I cambiamenti climatici avanzano e i suoi effetti cominciano ad abbattersi come un ennesimo campanello d’allarme anche sulla nostra Penisola. Il caldo anomalo di inizio inverno è preoccupante e il rischio siccità soprattutto sull’Italia centro-meridionale è sempre più tangibile. Proprio in questa area della Penisola stanno emergendo i primi sintomi di stress idrico che, accompagnati dalla scarsità di neve in diversi settori dell’arco alpino e su gran parte della dorsale appenninica, fanno destare forti preoccupazioni. È quanto rivelato dal monitoraggio della Coldiretti sugli effetti dell’andamento climatico segnato da alte temperature e scarsità di precipitazioni. La situazione è difficile in tutto il Paese, nonostante gli effetti dei cambiamenti climatici si fanno sentire per ora maggiormente nella parte meridionale del Paese, a partire dalla Sicilia dove le precipitazioni, sono state le più scarse da oltre cento anni nel secondo semestre dell’anno secondo il Servizio informativo agrometeorologico regionale.
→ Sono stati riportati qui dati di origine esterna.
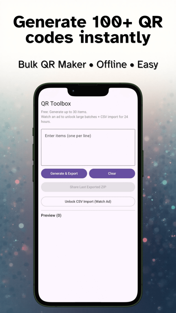 If you need QR codes for inventory, events, schools, restaurants, print shops, or product labeling, QR Toolbox makes the entire process effortless.
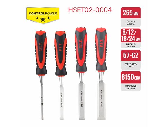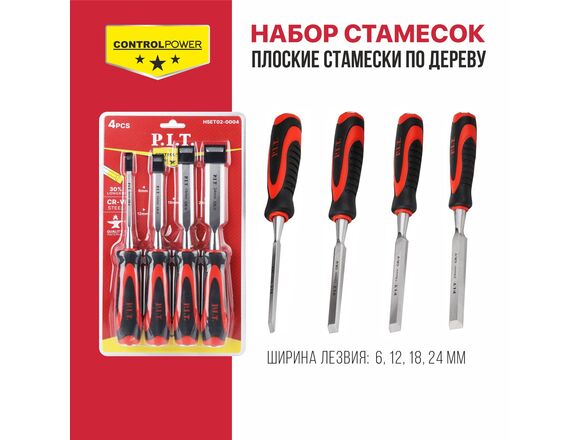 Набор стамесок по дереву плоские P.I.T. 4шт 6/12/18/24мм 265*135мм серия CONTROL (1/20)
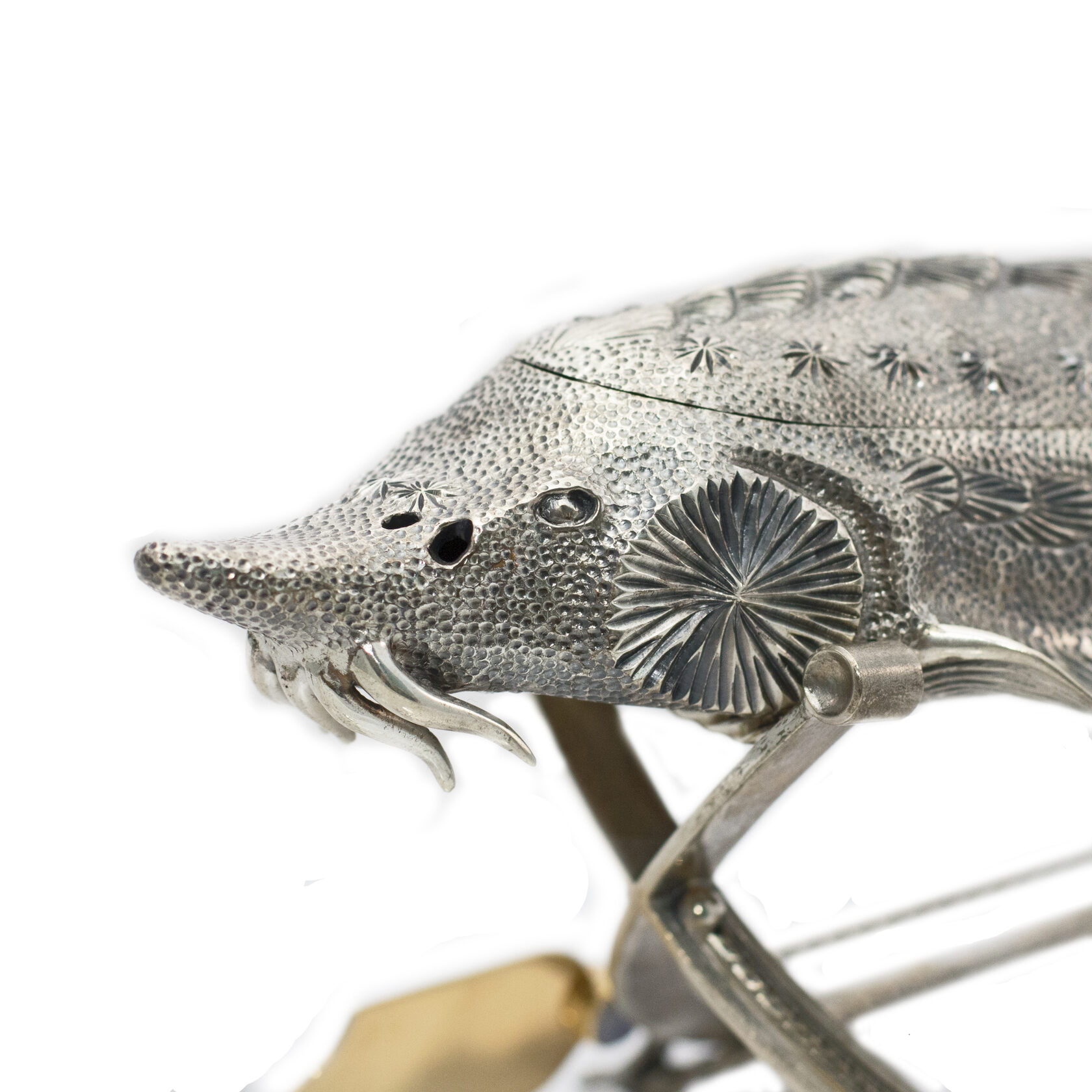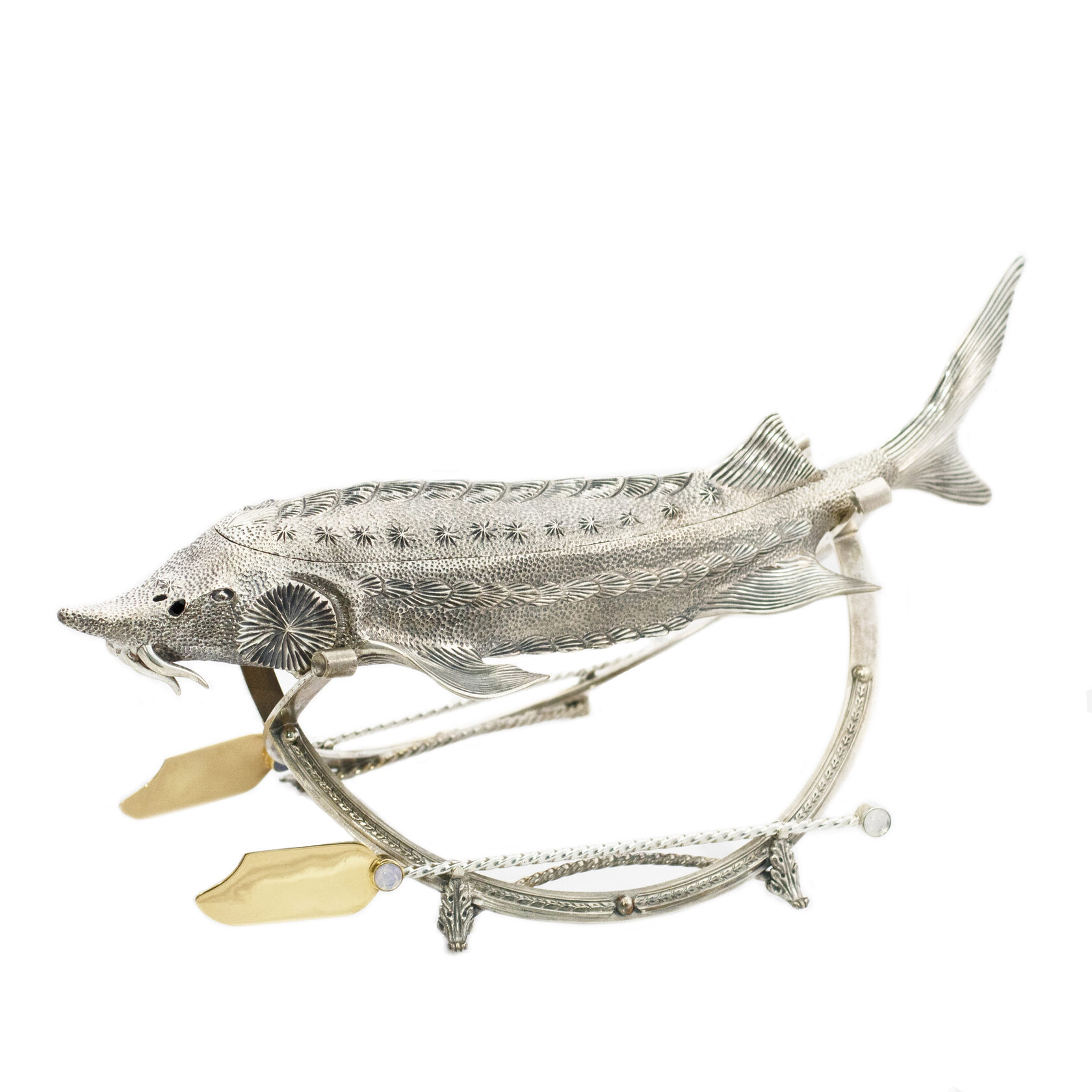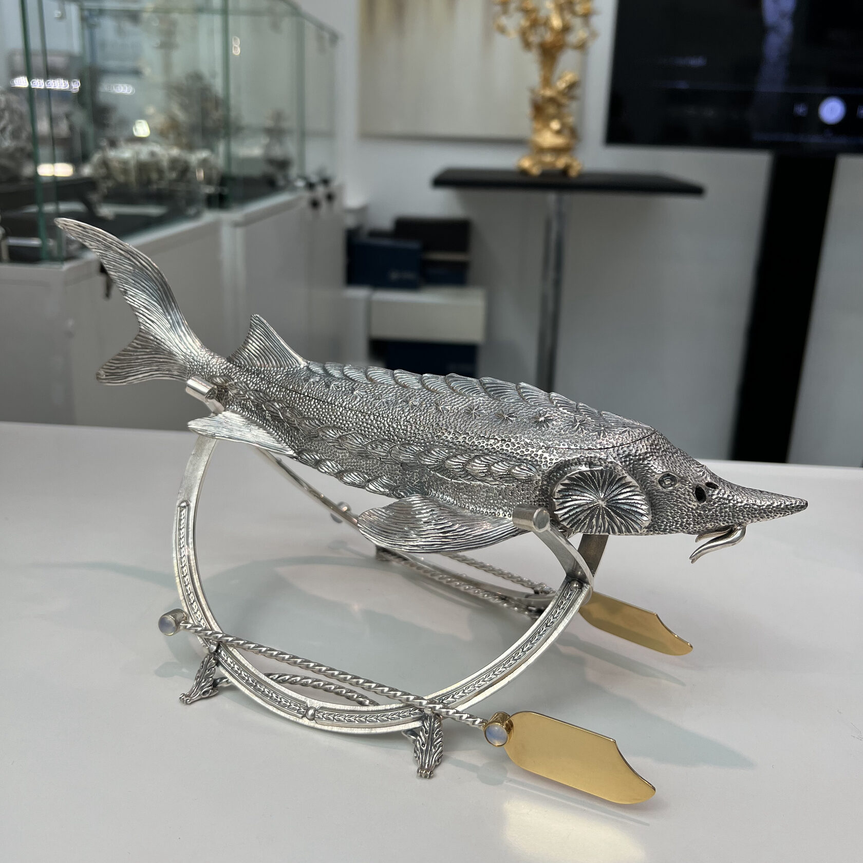 Оригинальная икорница «Осетр на подставке» из серебра 925 (опция — латунь с серебрением) выполнена по мотивам работ 19 века известного российского ювелира Карла Фаберже.

Gli effetti si fanno sentire soprattutto nelle colture con le arance che, precisa la Coldiretti, sono più piccole e con gli ortaggi che mostrano segni di sofferenza mentre salgono i costi per acquistare il fieno per alimentare gli animali.
Servono investimenti
“L’agricoltura italiana è l’attività economica che più di tutte le altre vive quotidianamente le conseguenze dei cambiamenti climatici. ma è anche il settore più impegnato per contrastarli. Un obiettivo che richiede un impegno delle istituzioni per accompagnare innovazione dall’agricoltura 4.0 con droni, robot e satelliti fino alla nuova genetica green no ogm. Servono investimenti per la manutenzione, risparmio, recupero e regimazione delle acque con un sistema diffuso di piccoli invasi che possano raccogliere l’acqua in eccesso per poi distribuirla nel momento del bisogno”, sostiene Ettore Prandini, Presidente della Coldiretti.
Perdita dei raccolti
C’è un diffuso allarmismo anche tra gli agricoltori siciliani per un andamento climatico davvero preoccupante che potrebbe non lasciare scampo soprattutto in termini economici. Le dighe sono quasi all’asciutto mentre i torrenti hanno ridotto a qualche rivolo le loro portate. Il caldo anomalo di inizio inverno sconvolge la natura e rischia addirittura di far ripartire le fioriture con il pericolo di esporre le coltivazioni ai danni di un prevedibile forte abbassamento delle temperature e la perdita dei raccolti. Se non arriva il freddo, inoltre, le popolazioni di insetti che causano danni alle colture potrebbero sopravvivere e svernare per attaccare i raccolti nella prossima primavera. Dopo un autunno climatologico che si è classificato in Italia come il più caldo mai registrato dal 1800 con una temperatura superiore di 2,1 gradi la media storica sta seguendo un andamento climatico davvero preoccupante.
Sei miliardi di danni
Il pianeta in sofferenza crea un danno per l’agricoltura anche in alta quota con la mancanza di neve che impedisce di creare le scorte idriche necessarie alle produzioni. Le premesse climatiche per questo nuovo anno non sembrano dunque delle più rosee, dopo un 2023 bollente ma segnato in Italia anche da una media di 9 eventi estremi al giorno con oltre 6 miliardi di danni all’agricoltura nazionale tra coltivazioni e infrastrutture con grandinate, trombe d’aria, bombe d’acqua, ondate di calore e tempeste di vento. In realtà siamo di fronte negli ultimi anni, sottolinea la Coldiretti, ad una evidente tropicalizzazione del clima con una elevata frequenza di fenomeni meteorologici estremi sempre più violenti, sfasamenti stagionali, precipitazioni brevi ed intense ed il rapido passaggio dal caldo al maltempo con effetti devastanti. Non è un caso che il 2023 si appresta ad essere classificato ai vertici della classifica degli anni più roventi negli ultimi due secoli che si concentra in Italia, peraltro, nell’ultimo decennio e comprende fino ad ora nell’ordine secondo l’analisi della Coldiretti il 2022 il 2018, il 2015, il 2014, il 2019 e il 2020.